INSTRUCTIONS TO FOLLOW
Exact copies of the lines below, from the one with "最终比分为拜仁慕尼黑2-1法兰克福。" up to and including the one with "間違い探し 2024.07.242024.07.25 間違い探し動画", are what this calls for; leave out pictures.

------------------------

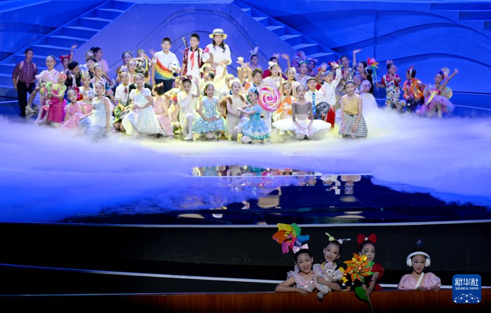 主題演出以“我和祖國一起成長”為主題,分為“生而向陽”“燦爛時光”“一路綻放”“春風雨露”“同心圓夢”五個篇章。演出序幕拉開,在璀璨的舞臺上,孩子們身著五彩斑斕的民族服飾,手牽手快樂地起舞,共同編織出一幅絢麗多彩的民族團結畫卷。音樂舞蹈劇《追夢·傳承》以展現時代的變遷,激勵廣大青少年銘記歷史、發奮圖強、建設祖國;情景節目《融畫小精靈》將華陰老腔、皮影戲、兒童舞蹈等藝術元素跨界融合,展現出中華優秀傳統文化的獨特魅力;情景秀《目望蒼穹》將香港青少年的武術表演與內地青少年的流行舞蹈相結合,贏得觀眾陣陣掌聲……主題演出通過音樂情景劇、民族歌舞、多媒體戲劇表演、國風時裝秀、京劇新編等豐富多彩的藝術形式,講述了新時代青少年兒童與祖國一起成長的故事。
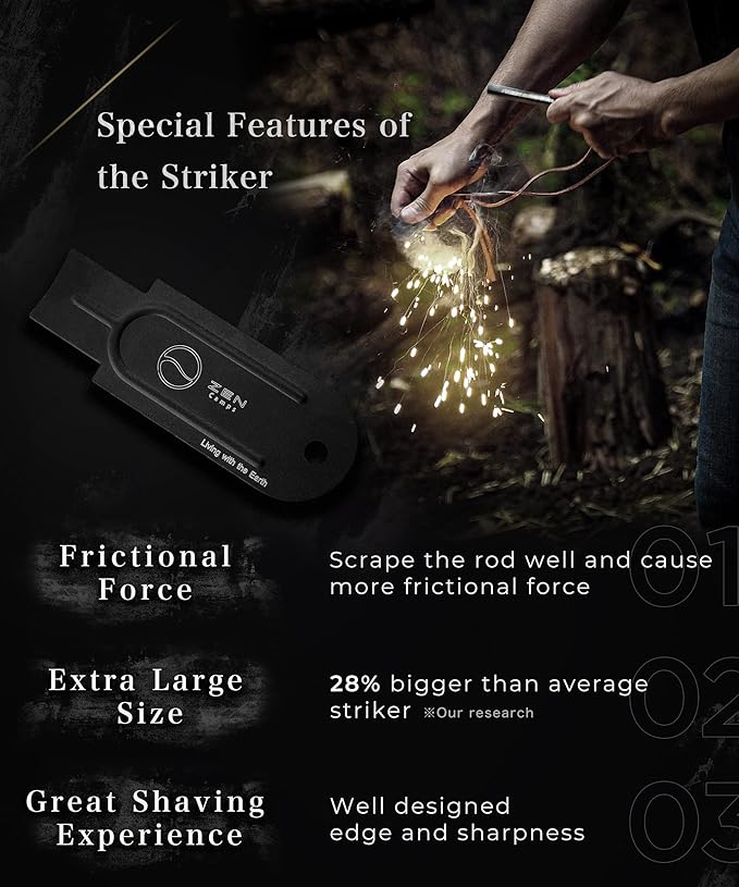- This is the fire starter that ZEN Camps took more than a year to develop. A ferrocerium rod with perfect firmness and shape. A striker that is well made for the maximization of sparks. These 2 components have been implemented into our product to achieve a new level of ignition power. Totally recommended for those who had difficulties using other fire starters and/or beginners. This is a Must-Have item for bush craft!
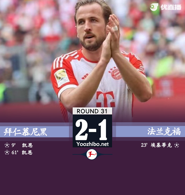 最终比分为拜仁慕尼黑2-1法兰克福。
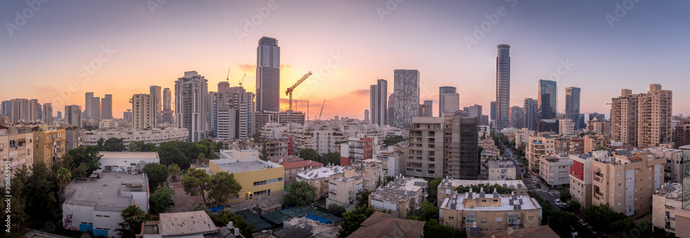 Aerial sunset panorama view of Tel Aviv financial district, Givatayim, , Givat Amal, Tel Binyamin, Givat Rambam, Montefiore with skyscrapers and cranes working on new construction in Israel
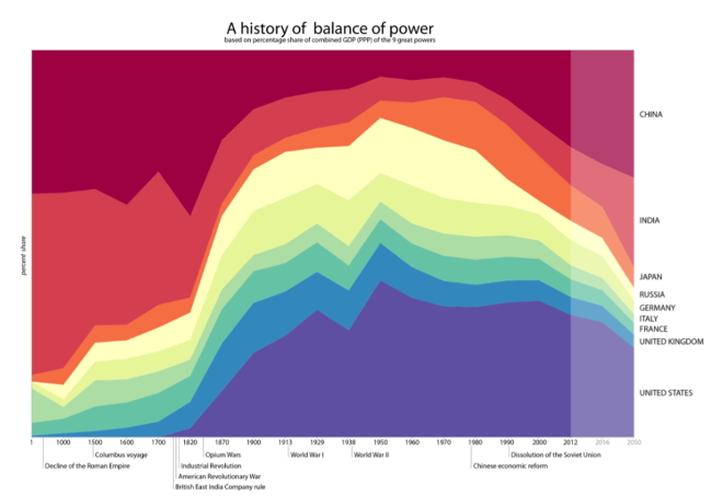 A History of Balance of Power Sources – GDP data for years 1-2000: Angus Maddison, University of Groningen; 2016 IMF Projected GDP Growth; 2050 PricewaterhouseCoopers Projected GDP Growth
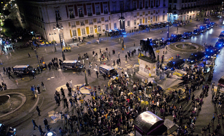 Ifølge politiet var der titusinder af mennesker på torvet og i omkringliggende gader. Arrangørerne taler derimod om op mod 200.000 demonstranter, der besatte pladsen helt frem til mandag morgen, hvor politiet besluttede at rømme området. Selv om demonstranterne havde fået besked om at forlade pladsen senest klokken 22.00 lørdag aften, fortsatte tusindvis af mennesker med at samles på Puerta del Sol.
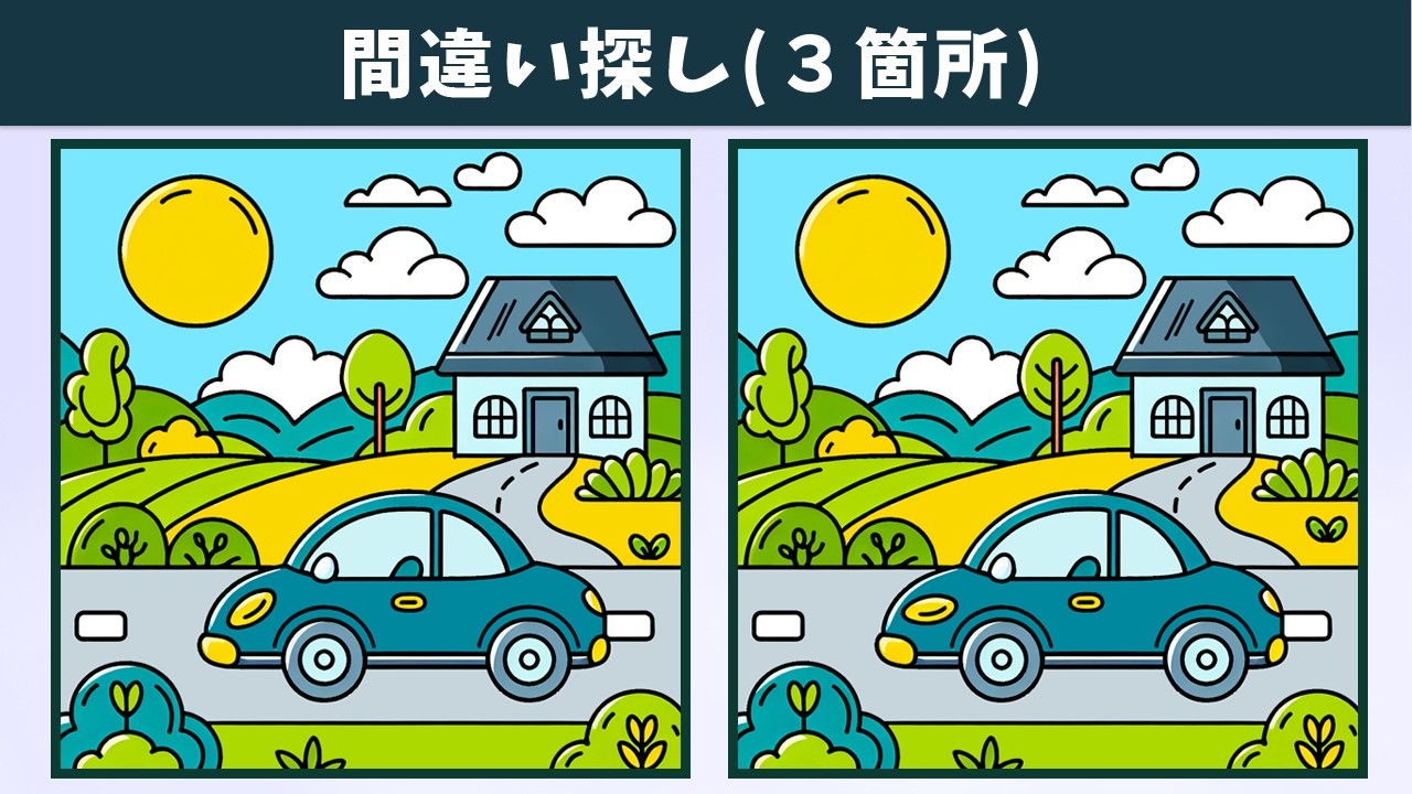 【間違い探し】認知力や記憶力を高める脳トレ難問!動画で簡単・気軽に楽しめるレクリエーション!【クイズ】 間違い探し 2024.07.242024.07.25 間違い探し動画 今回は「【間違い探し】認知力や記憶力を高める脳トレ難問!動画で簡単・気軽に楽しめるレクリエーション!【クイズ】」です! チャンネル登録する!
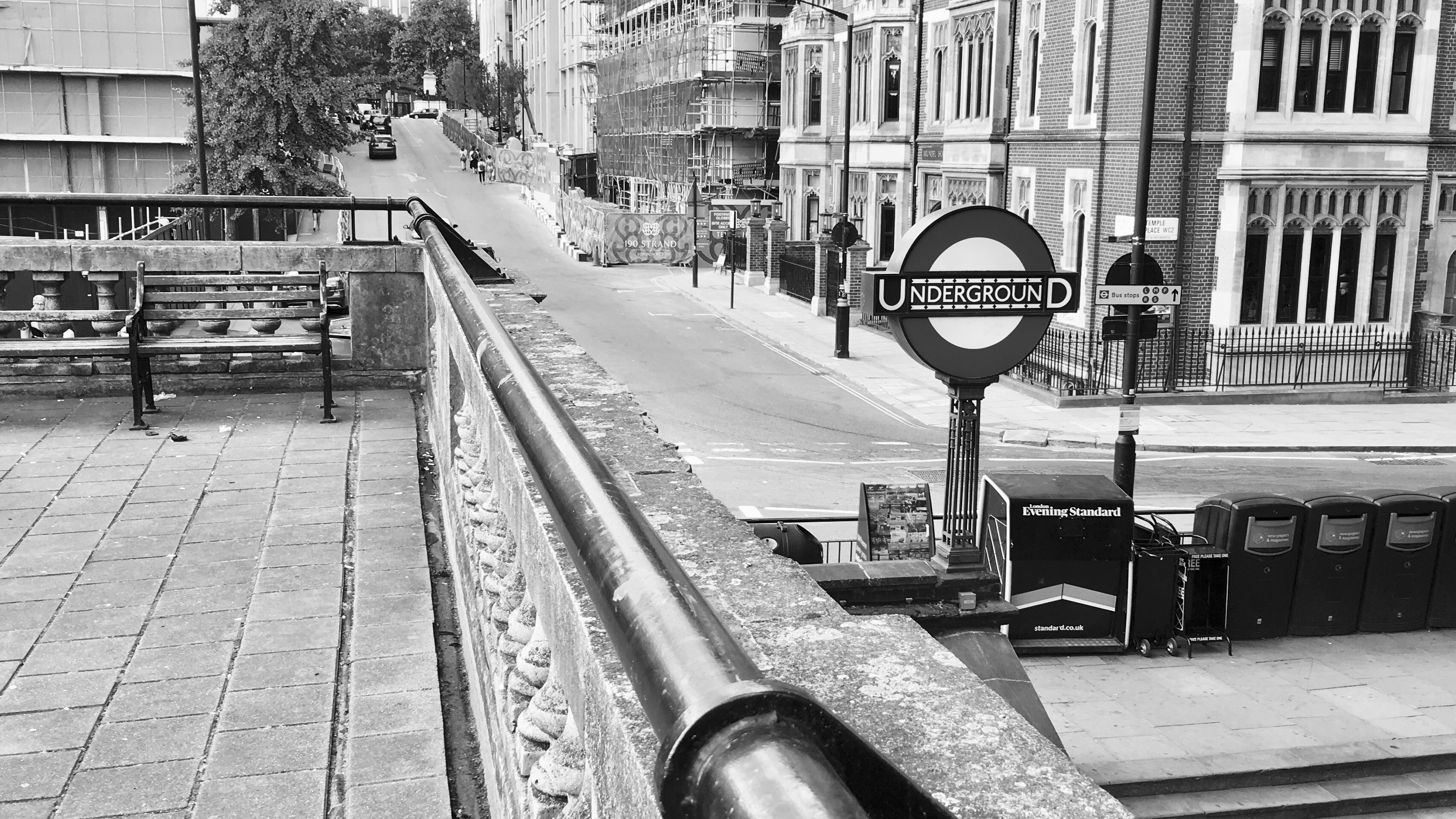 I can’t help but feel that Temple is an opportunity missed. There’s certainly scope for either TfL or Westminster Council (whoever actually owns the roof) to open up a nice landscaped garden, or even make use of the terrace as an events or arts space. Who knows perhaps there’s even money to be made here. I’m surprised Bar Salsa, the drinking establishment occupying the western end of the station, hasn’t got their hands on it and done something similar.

------------------------

ANSWER BELOW
 最终比分为拜仁慕尼黑2-1法兰克福。
 Aerial sunset panorama view of Tel Aviv financial district, Givatayim, , Givat Amal, Tel Binyamin, Givat Rambam, Montefiore with skyscrapers and cranes working on new construction in Israel
 A History of Balance of Power Sources – GDP data for years 1-2000: Angus Maddison, University of Groningen; 2016 IMF Projected GDP Growth; 2050 PricewaterhouseCoopers Projected GDP Growth
 Ifølge politiet var der titusinder af mennesker på torvet og i omkringliggende gader. Arrangørerne taler derimod om op mod 200.000 demonstranter, der besatte pladsen helt frem til mandag morgen, hvor politiet besluttede at rømme området. Selv om demonstranterne havde fået besked om at forlade pladsen senest klokken 22.00 lørdag aften, fortsatte tusindvis af mennesker med at samles på Puerta del Sol.
 【間違い探し】認知力や記憶力を高める脳トレ難問!動画で簡単・気軽に楽しめるレクリエーション!【クイズ】 間違い探し 2024.07.242024.07.25 間違い探し動画 今回は「【間違い探し】認知力や記憶力を高める脳トレ難問!動画で簡単・気軽に楽しめるレクリエーション!【クイズ】」です! チャンネル登録する!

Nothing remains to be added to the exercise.